This invention relates to mirrors and to a process of manufacturing mirrors.
The mirrors of this invention may have various applications, for example: domestic mirrors used for example in furniture, wardrobes or bathrooms; mirrors in make-up boxes or kits; mirrors used in the automotive industry, as rear-view mirrors for cars, for example. Such mirrors may be produced by applying a silver coating on glass sheets, particularly on soda lime glass, flat glass or float glass.
Conventionally, silver mirrors have been produced as follows: the glass was first of all polished and then sensitised, typically using an aqueous solution of SnCl2; after rinsing, the surface of the glass was usually activated by means of an ammoniacal silver nitrate treatment, and a silvering solution was then applied in order to form an opaque coating of silver; this silver coating was then covered with a protective layer of copper and then with one or more coats of leaded paint in order to produce the finished mirror. The combination of the protective copper layer and the leaded paint was deemed necessary to provide acceptable aging characteristics and sufficient corrosion resistance.

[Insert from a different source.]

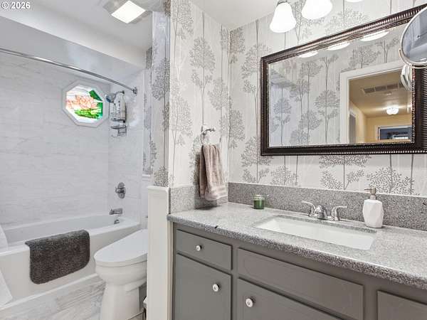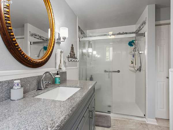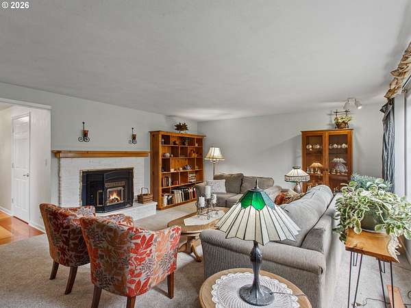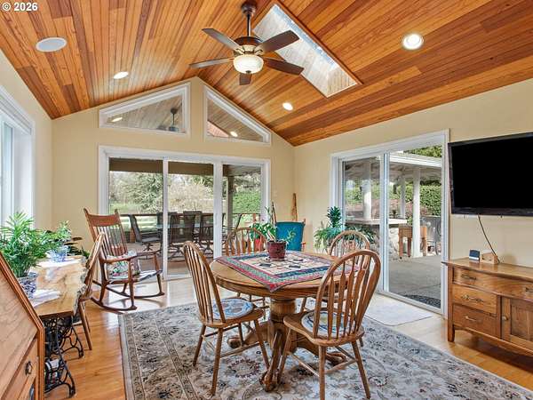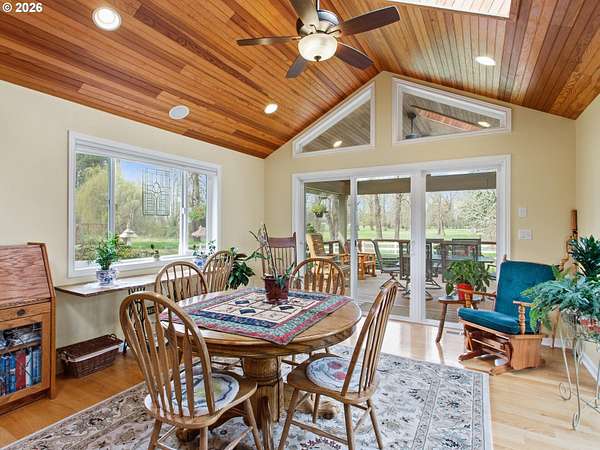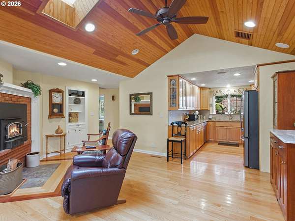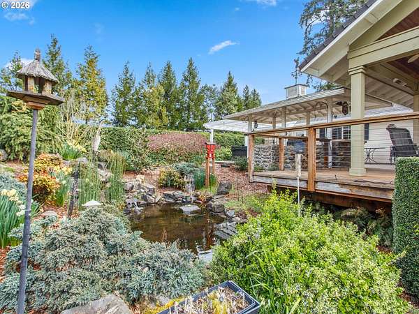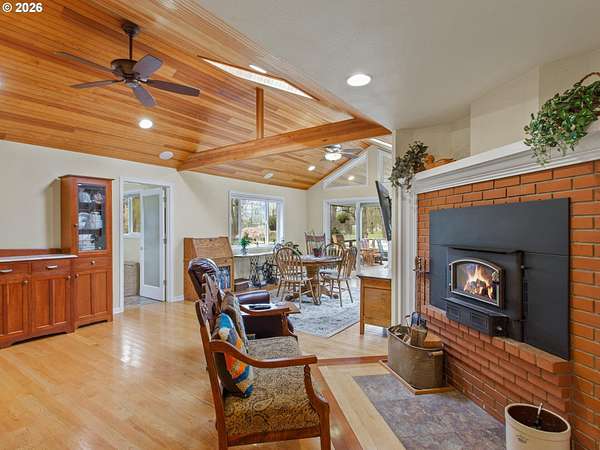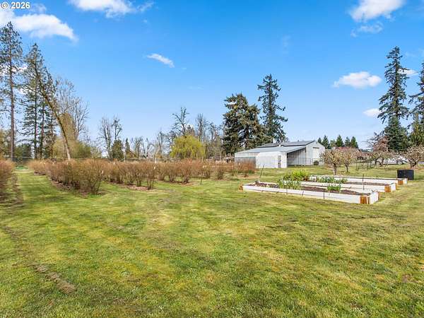 Stunningly crafted customized ranch, on Master Gardiner Designed and Landscaped Property, Overlooking Tree Lined Views and Golf Course on the 14th Tee Box! Expertly designed remodel with carefully selected finishes throughout. Enter through the front door into a light and bright oasis, featuring engineered hard wood, and front reception and living room, overlooking beautifully manicured front landscaping. Fireplace with brick finish and custom mantle, perfect for gathering, or simply enjoying nature next to a cozy fire. Updated kitchen with stainless steel appliances, solid surface granite countertops, window overlooking front views, custom cabinetry with hand crafted stained glass display panels. Kitchen connects to an open living space, with vaulted, exposed wood paneled ceilings and beams, complete with dining area and cozy sitting area with a fireplace. TV room/bonus area/game or reading room, boasts another statement feature fireplace with custom shelving, plenty of space for seating and enjoying leisurely activities. Utility room with sink, large pantry, and storage. Primary Bedroom with on suite remodeled bathroom and French doors leading to hot tub area. Outdoor area is a nature, golf lovers, landscapers dream! Designed and manicured by Master Gardiners, the yard features a full outdoor kitchen, exposed wood, vaulted ceiling covered patio, and fan with seating area, hot tub, waterfall, pond, and gardening beds, all overlooking the tree lined view of golf course! Garden includes 5 raised garden beds, 140 blueberry plants, producing 1,000 lbs per year u-pick, 9 fruit trees, asparagus, and a variety of grapes. Outbuildings galore make for a hobbyist's dream! 576 sq ft detached garage, 36x28 ft shop, complete with work benches, built ins, electricity, and wood stove for heating, 24x36ft RV shed, 16x12 ft tractor building, and 8x16 wood shed, 8x12ft greenhouse.27 solar panels 1t 327 watts, for an est.11,478 kw per year. Backup energy with gas generator.

More recently, Glaverbel developed mirrors which dispensed with the need for the conventional copper layer, which could use substantially lead-free paints and yet which still had acceptable or even improved aging characteristics and corrosion resistance. For example, U.S. Pat. No. 6,565,217 describes embodiments of a mirror with no copper layer which comprises in the order recited: a vitreous substrate; both tin and at least one material selected from the group consisting of palladium, bismuth, chromium, gold, indium, nickel, platinum, rhodium, ruthenium, titanium, vanadium and zinc provided at a surface of the vitreous substrate; a silver coating layer on said surface of the substrate; at least one material selected from the group consisting of tin, chromium, titanium, ion, indium, copper and aluminium present at the surface of the silver coating layer which is adjacent to an at least one paint layer; and at least one paint layer covering the silver coating layer. Such mirrors provided a significant advance with respect to conventional coppered mirrors. Nevertheless, during transportation, handling and on cutting tables, care has to be taken with respect to such mirrors to avoid scratches in the paint layer and/or in the silver layer. Furthermore, such mirrors are compatible with and chemically resistant to only some types of adhesive available on the market.